Дифференциальный диагноз хронической и неразрешимой диареи составляет: ^{[ 9 ]}

Кишечная эпителиальная дисплазия
Синдроматическая диарея
Иммуновоспалительная энтеропатия

Прогноз

Это почти всегда смертельно, если, как у пациентов с синдромом короткого кишечника, лечились парентеральным питанием или трансплантацией кишечника . ^{[ 3 ]} Пациент часто классифицируется как «кишечная недостаточность» и лечится когортой пациентов, известных как «Синдром короткого кишечника». ^{[ Цитация необходима ]}

Один пациент из Великобритании был задокументирован как достижение независимости от питания в 3 года. ^{[ 10 ]} 26 июня 2009 года шестилетняя девочка с заболеванием включения микроворса стала третьим человеком в Великобритании, который умер от свиного гриппа. Это было связано с ее ослабленной иммунной системой. ^{[ 11 ]}

Распространенность

Заболевание Microvillus Inclusion чрезвычайно редко, однако не было опубликовано данные о распространенности. Оценка нескольких сотен детей с болезнью в Европе была сделана, но не было применяется время, к которым применяется этот счет. Страны с более высокой степенью кровяного, испытывают более высокие показатели распространенности из -за ее аутосомной рецессивной передачи. ^{[ 12 ]}

История

Заболевание Microvillus включено в первую очередь в 1978 году Davidson et al. ^{[ 13 ]} Первоначально он был описан как семейная энтеропатия . ^{[ Цитация необходима ]}

Ссылки

^ Jump up to: ^а ^{беременный} Чехад, Мирна; Sicherer, Scott H (2005). «Индуцированный пищевой белок синдром энтероколита». В Давиде, Тимоти Дж. (Ред.).

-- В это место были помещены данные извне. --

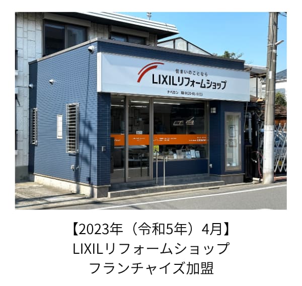 2023年春にLIXILリフォームショップのフランチャイズに加盟しました。このことで、断熱・耐震・高機能リフォームやお客様満足の向上や社内システムの更新を図り効率化向上を行いました。
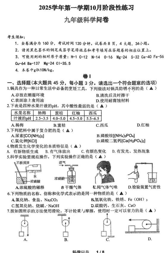 浙江省杭州养正学校(公办)2025-2026学年九年级上学期10月月考科学试题(扫描,无答案)
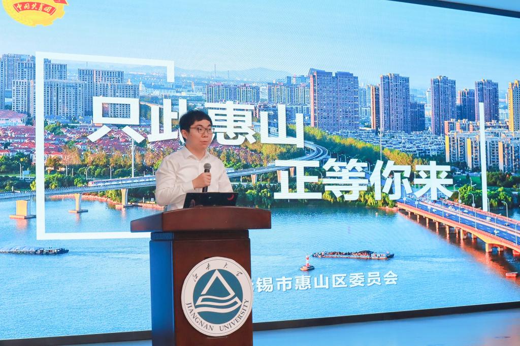 政策宣讲环节,校西部计划宣讲团成员张旭航以清晰的逻辑和详实的数据,围绕项目背景、运行机制、招募标准、服务领域等核心内容,对2025年度西部计划政策要点进行了系统而深入的解读。共青团惠山区委书记宋睿鑫以“一只桃子”的甜蜜产业、“一包三改”的革新精神、“天上村前”的百年文脉为引,将政策宣讲转化为充满江南韵味的生动叙事。他从岗位设置、服务流程到保障机制,再到职业发展通道,层层递进地介绍乡村振兴专项计划,热情邀请青年学子加入乡村振兴赛道,在大运河畔的惠山区,共同描绘千年江南文化底蕴与未来城市发展交融的壮美画卷。
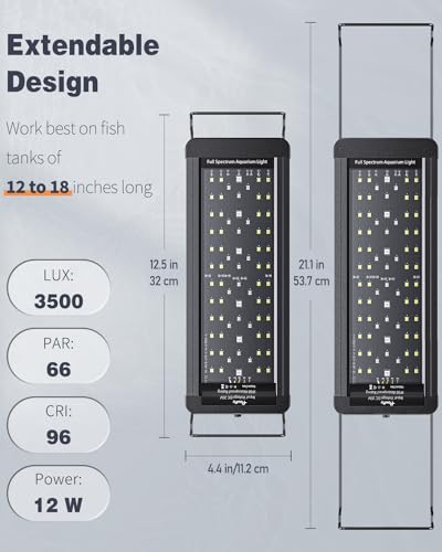 For 12″ to 18″ Tanks: With an extendable bracket (min length: up to 12.5″; max length: up to 21.1″), the LED aquarium light always stays steady on the fish tank. Work best on tanks of 12 to 18 inches long.
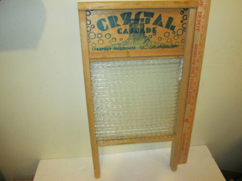 Title (ebay affiliate link): ANTIQUE WASHBOARD COLUMBUS CRYSTAL CASCADE 2080 RIBBED GLASS BIG 23in Vtg Wood

Последние достижения в педиатрии 22 . Лондон: Королевское общество медицины Пресс. п. 140. ISBN 1-85315-572-1 .
^ Jump up to: ^а ^{беременный} Миллс С.Е., Картер Д., Гринсон Дж.К., Оберман Х.А., Рейтер В., Столер М.Х. Диагностическая хирургическая патология Стернберга. 4 -е изд. Липпинкотт Уильямс и Уилкинс. Copyright 2004. ISBN 978-0-7817-4051-7 .
^ Jump up to: ^а ^{беременный} Salvatore, S.; Hauser, B.; Vandenplas, Y. (2007). «Хроническая энтеропатия и кормление». В Куке, Ричард Дж.; Ванденплас, Иван; Ван, Ульрих (ред.). Поддержка питания для младенцев и детей в опасности . Базель, Швейцария; Нью -Йорк: Каргер. п. 123. ISBN 978-3-8055-8194-3 .
^ Arpin, M.; Crepaldi, T.; Лувард Д. (1999). «Перекрестная разговор между апикальными и базолатеральными доменами эпителиальных клеток регулирует сборку микроворса». В Берчмейере, Уолтер; Birchmeier, Carmen (Eds.). Эпителиальный морфогенез в развитии и заболеваниях . Амстердам: Harwood Academic. п. 104. ISBN 90-5702-419-5 .
^ "Что такое заболевание микровилью?" Полем Ассоциация Cure MVID . Получено 15 июля 2024 года .
^ Мюллер Т; Hess, MW; Schiefermeier, n; Pfaller, k; Ebner, HL; Heinz-Erian, P; Ponstingl, H; Partsch, J; и др. (2008). «Мутации myo5b вызывают заболевание микроворса и нарушение полярности эпителиальных клеток». Nat Genet . 40 (10): 1163–5. doi : 10.1038/ng.225 . PMID 18724368 . S2CID 205345488 .
^ Szperl A, Golachowska M, Rings E, Ijzendoorn S, et al. (2011). «Функциональная характеристика мутаций в гене миозина VB, связанного с заболеванием включения микроворса» . J Ped Gastroenterol Nutr . 52 (3): 307–13. doi : 10.1097/mpg.0b013e3181eea177 . PMC 3058815 . PMID 21206382 .
^ Kennea N, Norbury R, Anderson G, Tekay A (2001). «Врожденное заболевание микровилозного включения, представляющееся в виде антенатальной обструкции кишечника». Ультразвуковой акушер гинекол . 17 (2): 172–4. doi : 10.1046/j.1469-0705.2001.00211.x . PMID 11251929 .
^ Ruemmele FM (2007). «Хроническая энтеропатия: молекулярная основа». Nestle Nutr Workshop Ser Pediatr Program . Серия, 2007. 59 : 73–85, обсуждение 85–8. doi : 10.1159/000098514 . ISBN 978-3-8055-8194-3 Полем PMID 17245092 .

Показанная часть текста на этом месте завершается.